══ PROVIDED DATA

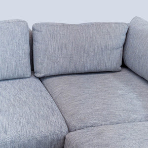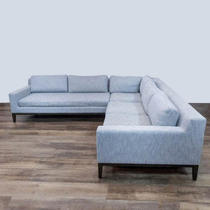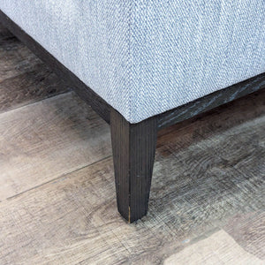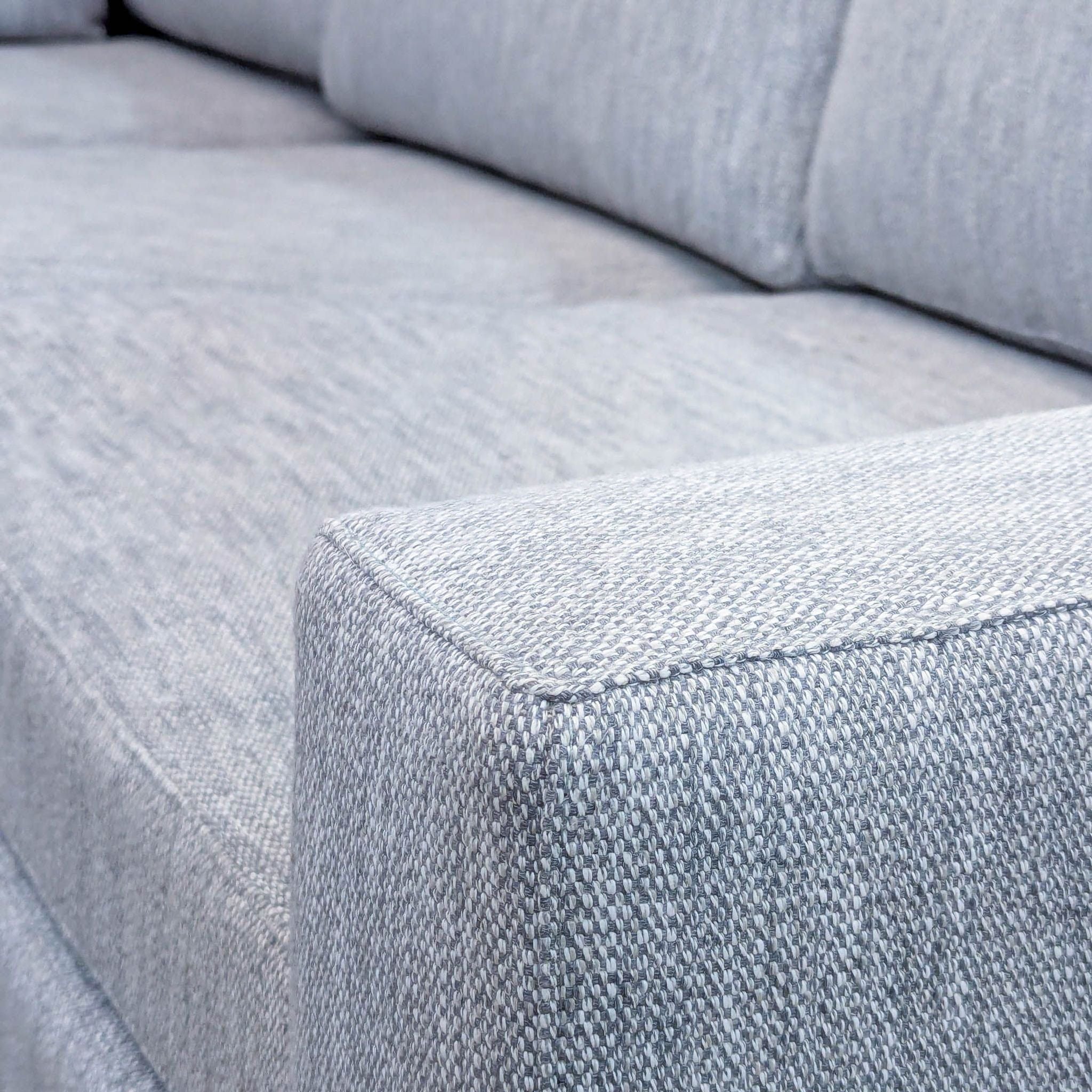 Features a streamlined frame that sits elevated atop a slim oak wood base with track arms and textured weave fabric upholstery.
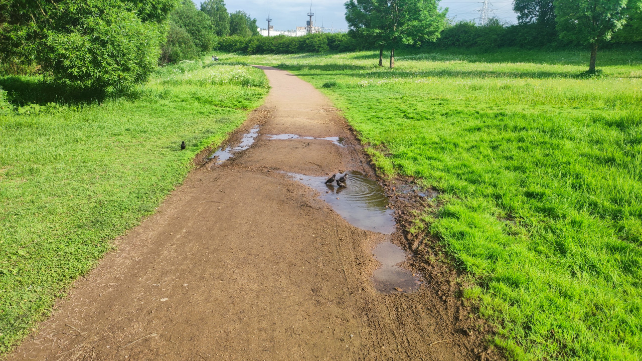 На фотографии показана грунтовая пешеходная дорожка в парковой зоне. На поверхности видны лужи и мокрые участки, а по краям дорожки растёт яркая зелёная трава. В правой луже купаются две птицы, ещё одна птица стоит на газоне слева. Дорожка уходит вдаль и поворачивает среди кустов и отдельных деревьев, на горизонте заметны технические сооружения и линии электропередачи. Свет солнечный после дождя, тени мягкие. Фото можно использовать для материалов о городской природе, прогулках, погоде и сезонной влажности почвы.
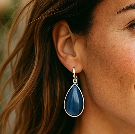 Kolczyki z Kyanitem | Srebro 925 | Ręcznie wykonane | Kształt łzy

════

**EXERCISE DETAILS:** Beginning with the line that holds "На фотографии показана", write out exactly the lines down to the end of the material above, and no others. Pictures are not part of the copy.

**ANSWER TO THE EXERCISE:**
 На фотографии показана грунтовая пешеходная дорожка в парковой зоне. На поверхности видны лужи и мокрые участки, а по краям дорожки растёт яркая зелёная трава. В правой луже купаются две птицы, ещё одна птица стоит на газоне слева. Дорожка уходит вдаль и поворачивает среди кустов и отдельных деревьев, на горизонте заметны технические сооружения и линии электропередачи. Свет солнечный после дождя, тени мягкие. Фото можно использовать для материалов о городской природе, прогулках, погоде и сезонной влажности почвы.
 Kolczyki z Kyanitem | Srebro 925 | Ręcznie wykonane | Kształt łzy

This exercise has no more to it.